Словом, когда он покидал чайхану, внутренности его почти дымились, в голове как бы играли на оглушительной ребячьей трубе, и было стократ приятней вина это непреходящее обалденье. Азия была найдена! Мировое колесо, по заключению Маронова, вертелось вполне исправно. Безграничный океан материи слабо колыхался, и на голубой его волне ублаготворенно покачивался душевный поплавок Маронова. Ничто не предвещало близости того дня, когда, во исполнение мароновских мечтаний, враг множественный и явный подступит к воротам советской Азии; когда слепящее великолепие это поблекнет и засмердит; когда в действие вступят вагоны мышьяка, грохот железных щитов, чусары и безумие.
И цепь событий, в которой последним звеном было его второе рождение, начиналась, кажется, со встречи с терья-кешем, курильщиком опиума.

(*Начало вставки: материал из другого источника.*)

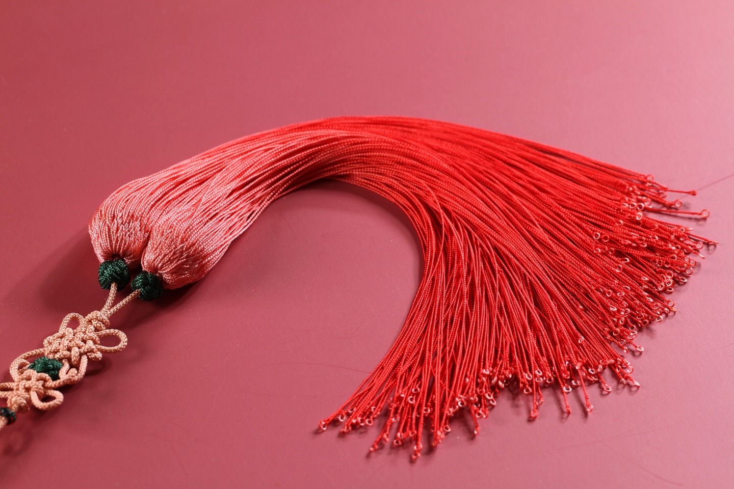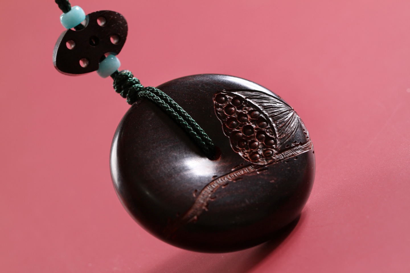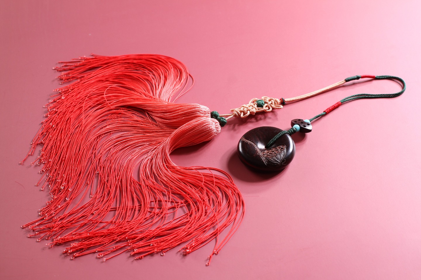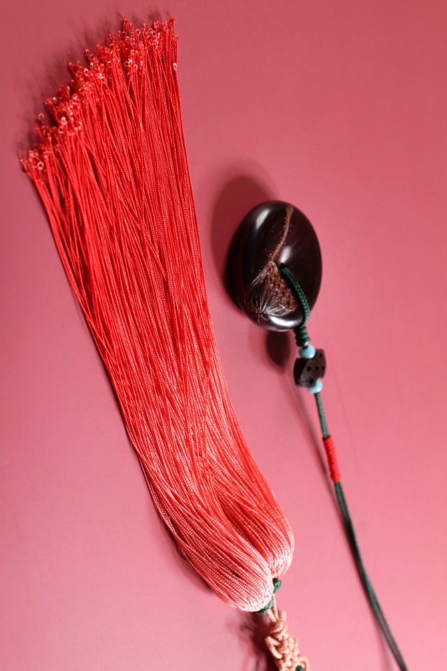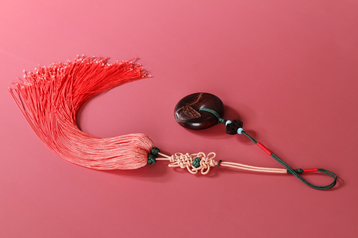 流苏渐变粉红带花结/天河石隔片/紫檀五孔背云/紫檀莲蓬平安扣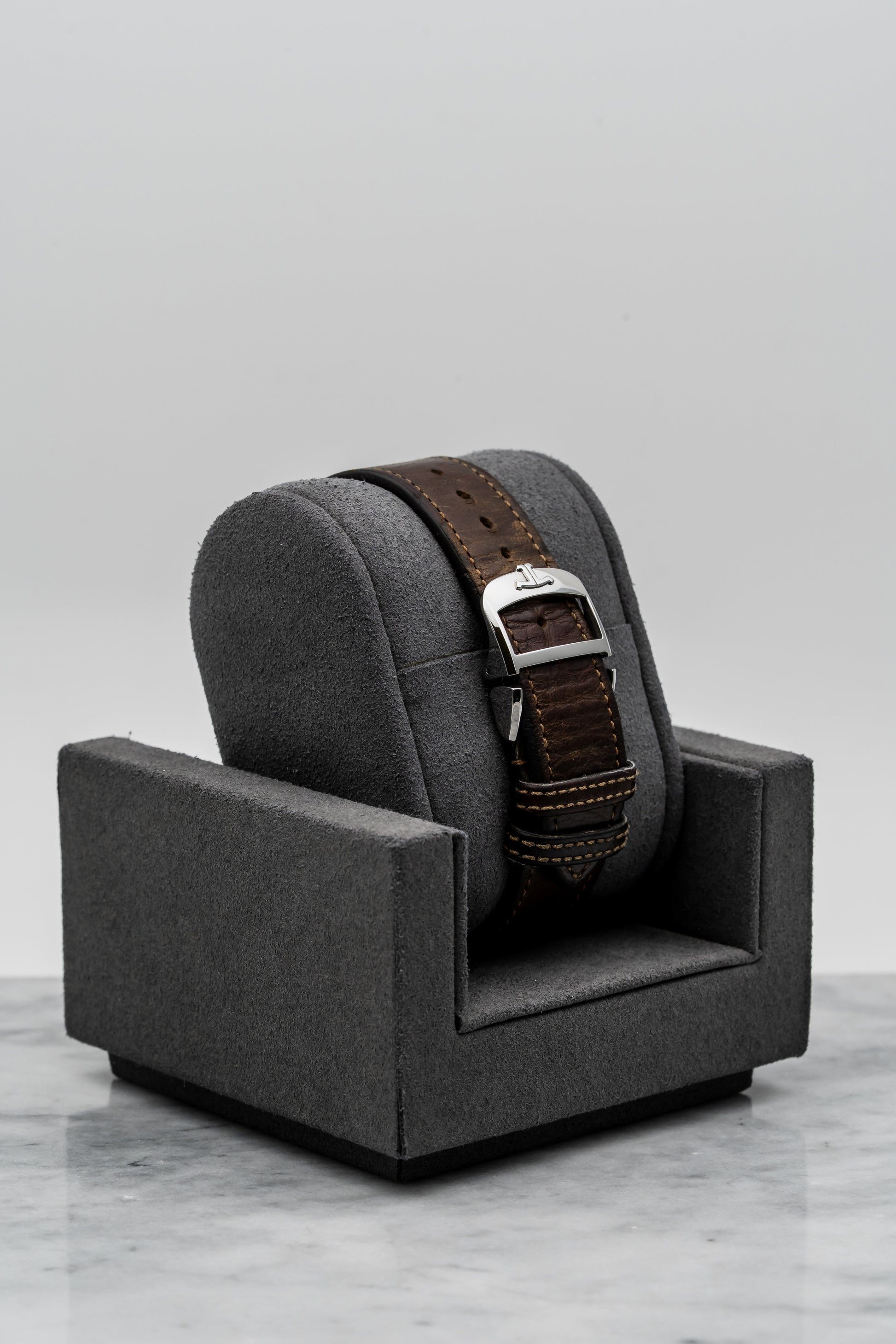 - Strap: Brown Leather with Stainless Steel Folding Clasp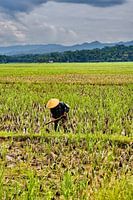 Deze krachtige en authentieke foto illustreert het dagelijkse werk van een Indonesische boer in de uitgestrekte rijstvelden van Pangandaran, op het eiland Java. Gebogen onder zijn strooien hoed bewerkt hij zijn velden met de precieze gebaren die hij van generaties boeren heeft geërfd. De ondergelopen, groene rijstvelden strekken zich uit zover het oog reikt en vormen een levende lappendeken aan de voet van de mistige bergen. De bewolkte lucht zorgt voor een zacht licht dat de diepte van het landschap versterkt en het contrast tussen de menselijke inspanning en de natuurlijke onmetelijkheid onderstreept. Deze scène benadrukt de fragiele harmonie tussen de mens en zijn omgeving, waar elke rijstkorrel de vrucht is van geduld, vaardigheid en respect voor het land. Dit beeld is meer dan alleen een landbouw momentopname, het vertelt het verhaal van een voorouderlijke manier van leven die nog steeds miljoenen families voedt. Het is ook een herinnering aan het vitale belang van de rijstteelt in Indonesië, niet alleen als voedselbron, maar ook als een diepgeworteld cultureel en spiritueel symbool.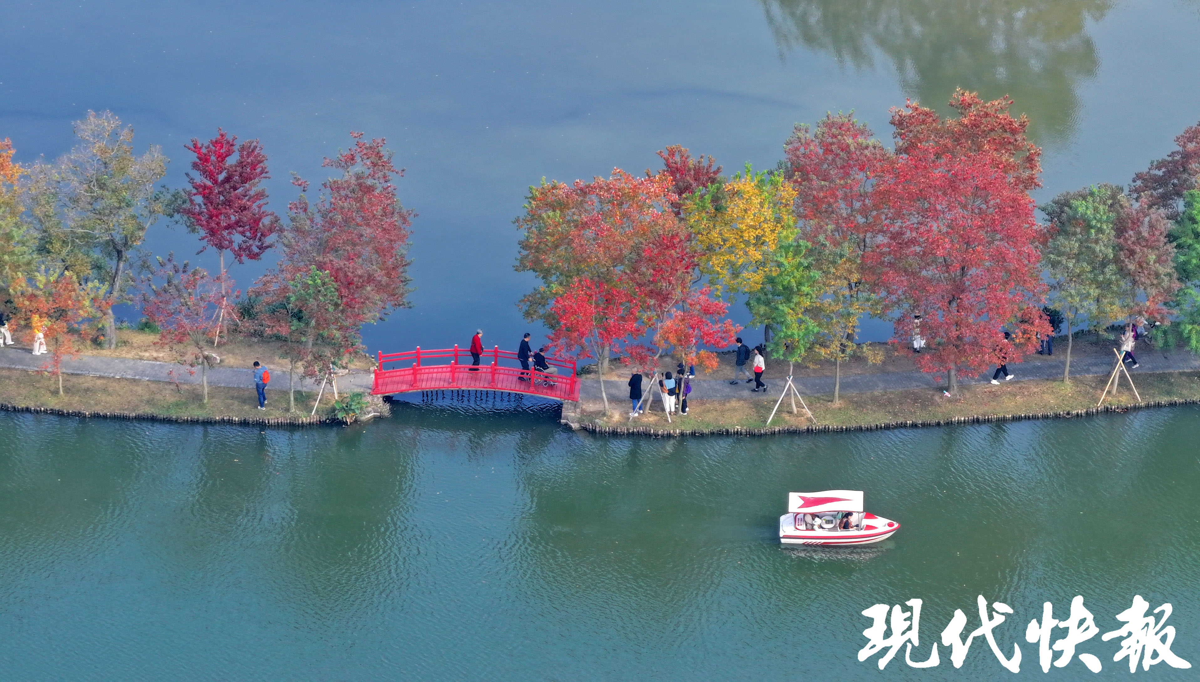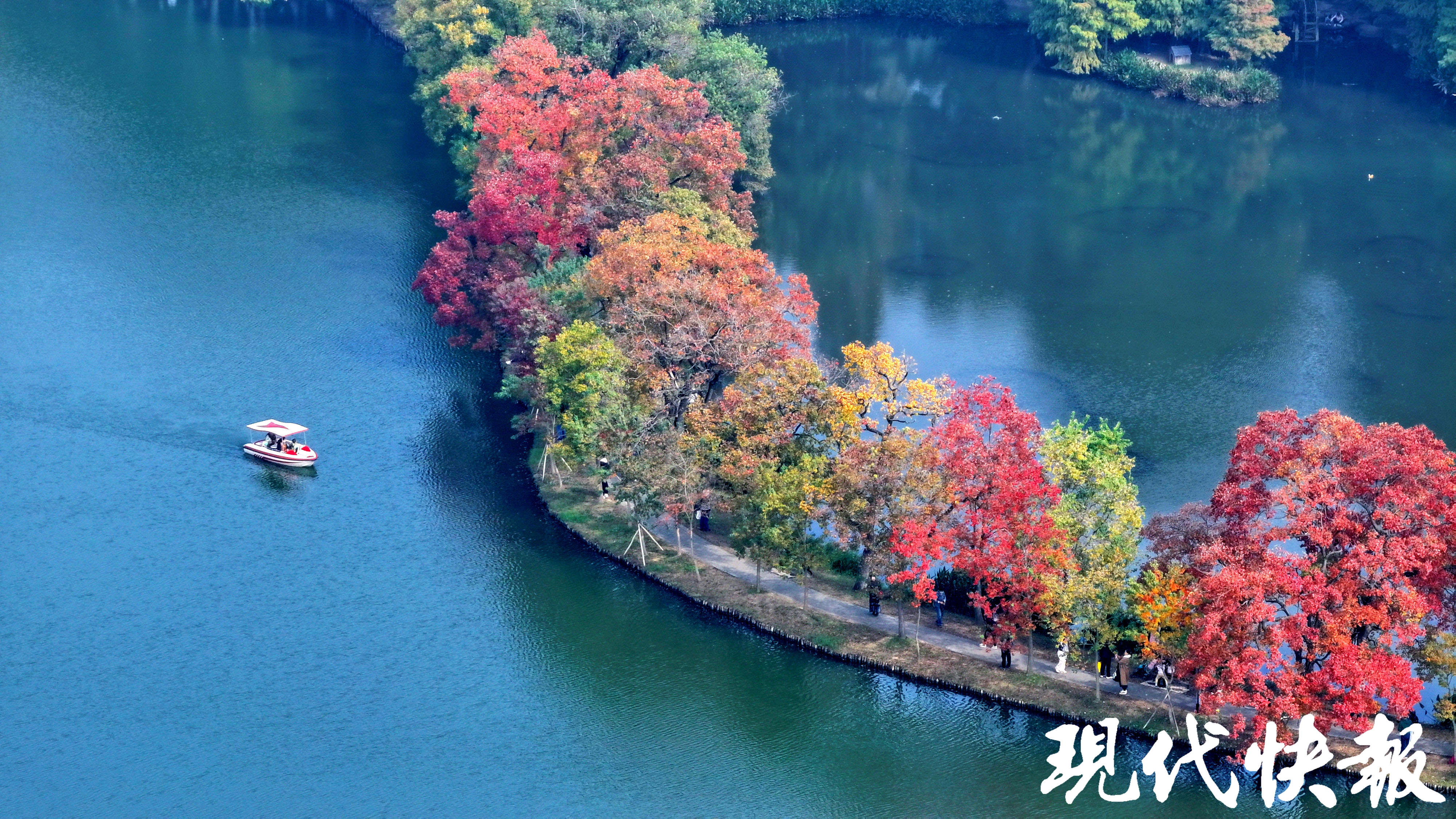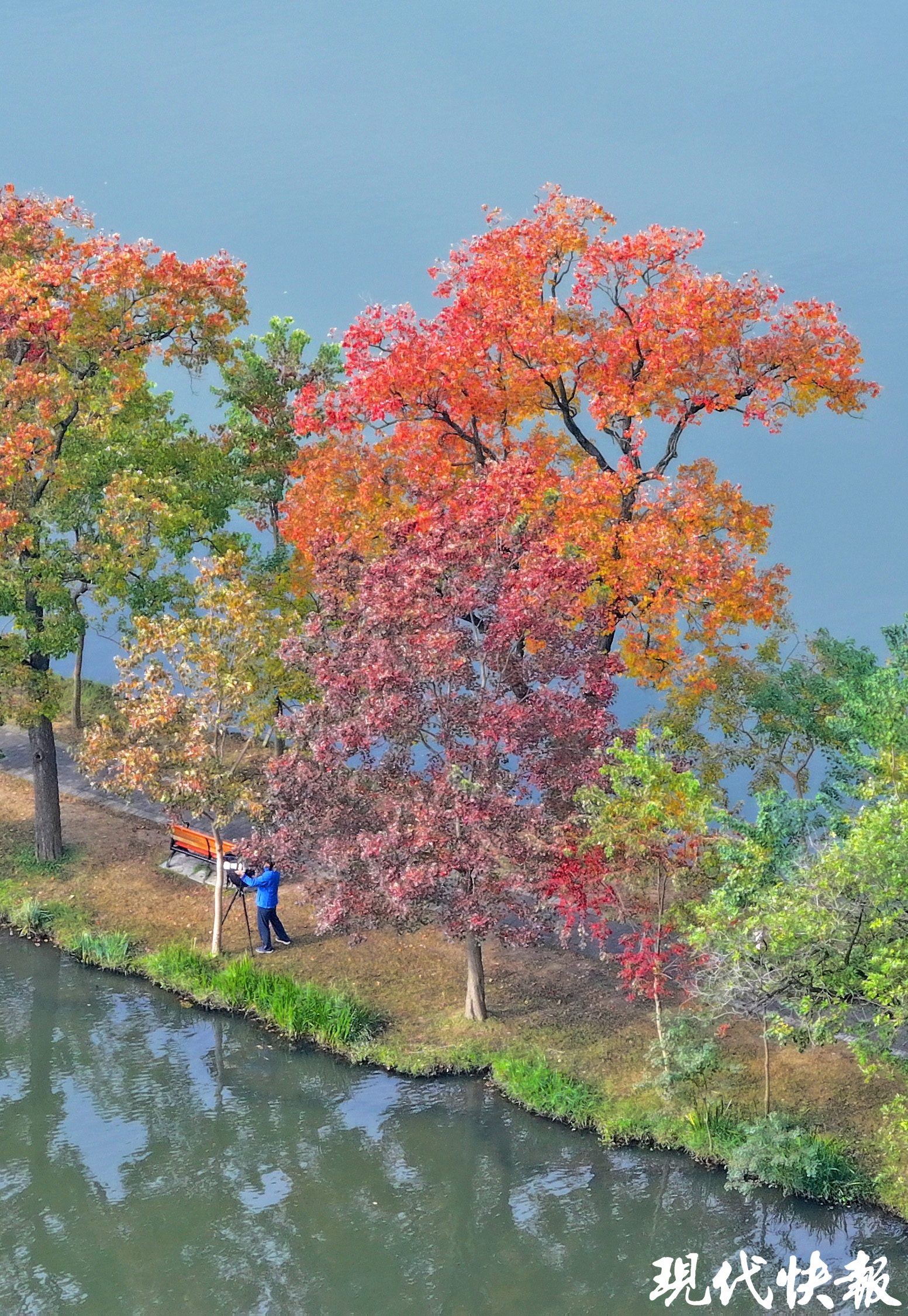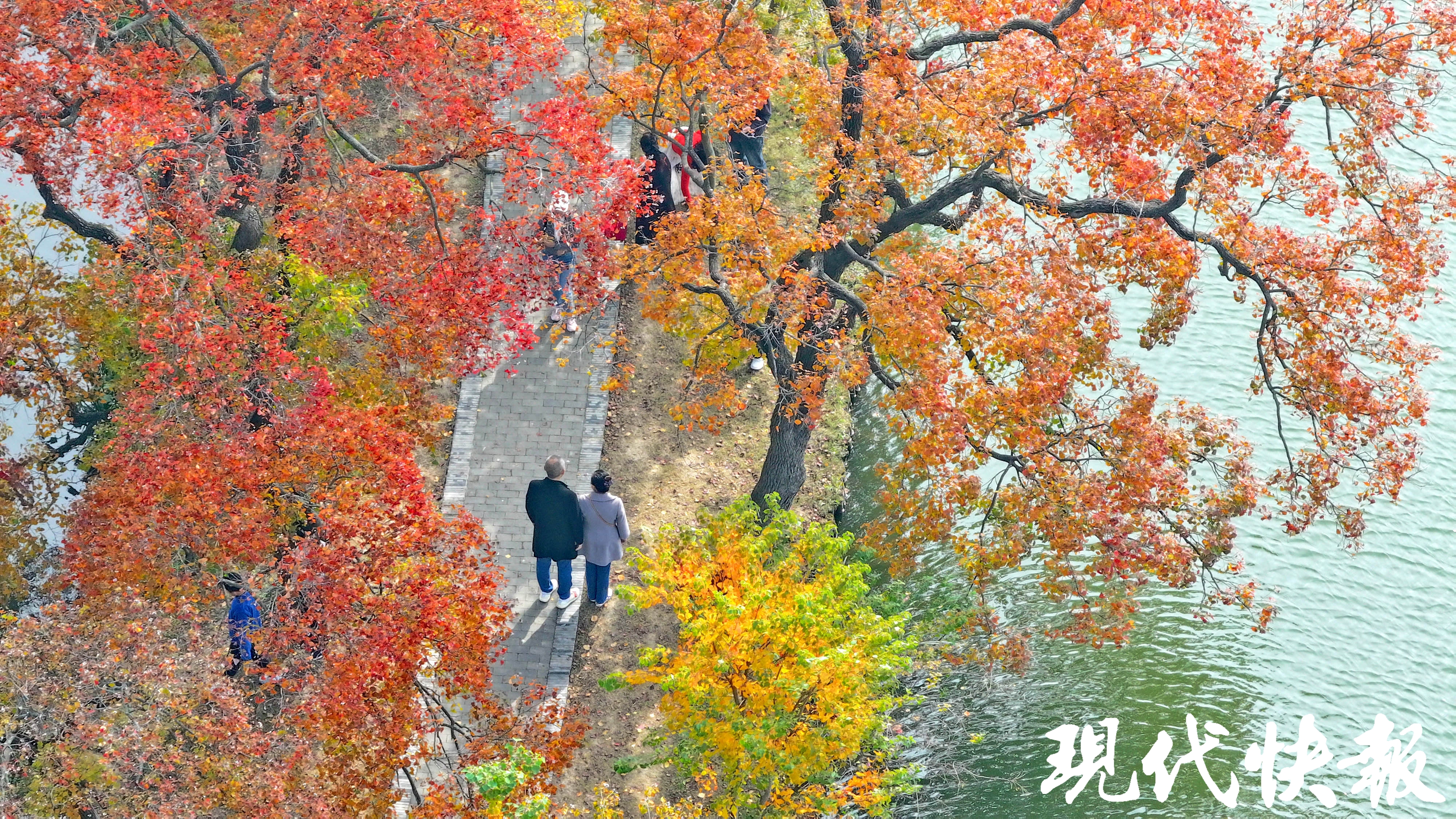 现代快报讯(记者 卢河燕/文 赵杰/摄)一湾浅水环抱中,一条月牙形湖堤蜿蜒舒展,堤岸两侧的乌桕、银杏渐次换上盛装。11月初,当乌桕叶染上深浅不一的绯红,银杏缀满金黄,南京月牙堤便迎来了惊艳时光。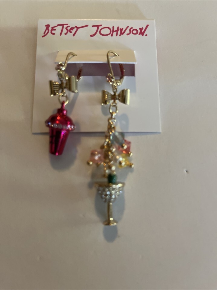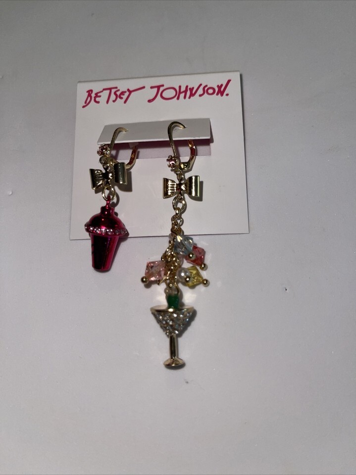 Betsey Johnson Mix Match Martini & Shaker Drop Earrings new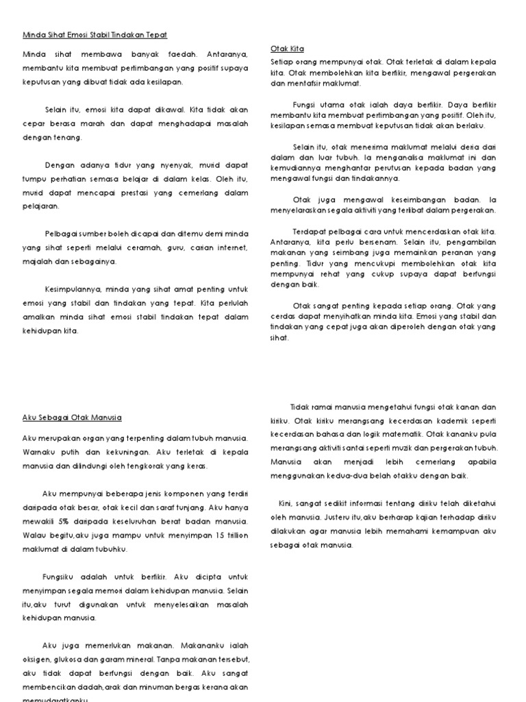 Contoh Ulasan Minda Dan Emosi Yang Sihat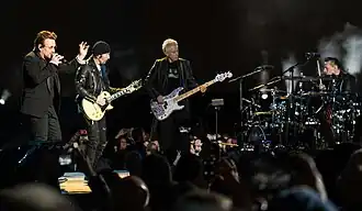 U2 felt that their chemistry was not adequately represented on the album's recordings to that point.[50] Many of the individual parts, particularly Mullen's drums and Clayton's bass parts, had been recorded separately, and in the band's opinion, they lacked the energy that could be captured from a single band take.[30] Having re-rehearsed the songs, in March 2017, U2 entered Electric Lady Studios in New York with their long-time producer Steve Lillywhite to re-record them as a group.[37] Bono called Lillywhite the "best guy for recording us in the studio with the band playing live".[51] The group were satisfied with the results, as they found a synthesis of their "raw band performances" with overdubs from previous recorded versions. The Edge called it "the best of the band chemistry mixed in with the best of the 21st-century production technology."[50]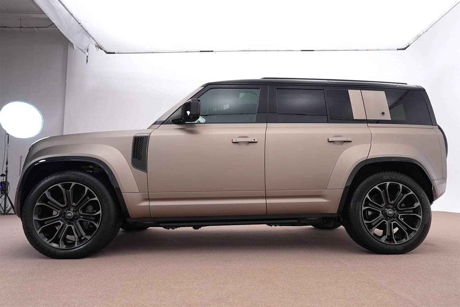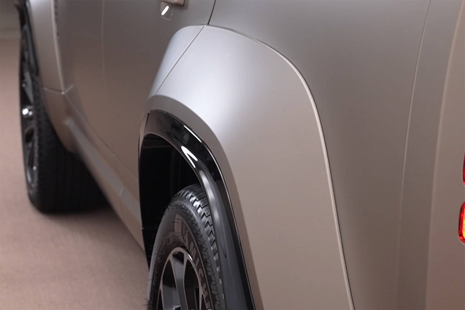 作为顶级型号,首先赋予了这辆车区别于普通版卫士的外观。最显而易见的部分,面积更大的进气格栅使空气吞吐量变大,下护板覆盖坚硬的石墨涂层并配上了哑光黑色饰面。未来,包括发动机盖通风口区域等多处装饰件都可选锻造碳纤维材质,耐高温且抗腐蚀。
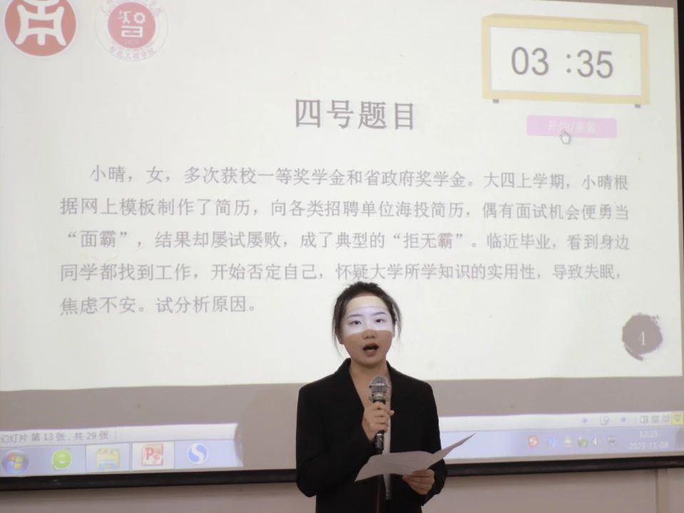 选手以PPT形式陈述个人求职意向和职业准备情况,展示通用素质与岗位能力。在主题陈述还有1分钟及30秒时,工作人员会举牌提醒,超时1分钟扣5分,不足1分钟按1分钟算。

На пороге чайханы к Маронову пристал унылый останок человека. Заслоняя проход впалой, безжизненной грудью, он молил о подачке, и было в том упорстве нечто, заставлявшее пристальнее взглянуть в его собачьи покорные глазы. Застигнутый врасплох, Маронов с брезгливой неловкостью шарил у себя по карманам... и вот тогда-то пришла в движение неподвижная дотоле цепь.
– Так-так, поощряй курение опиума в социалистической стране! – произнес знакомый голос позади.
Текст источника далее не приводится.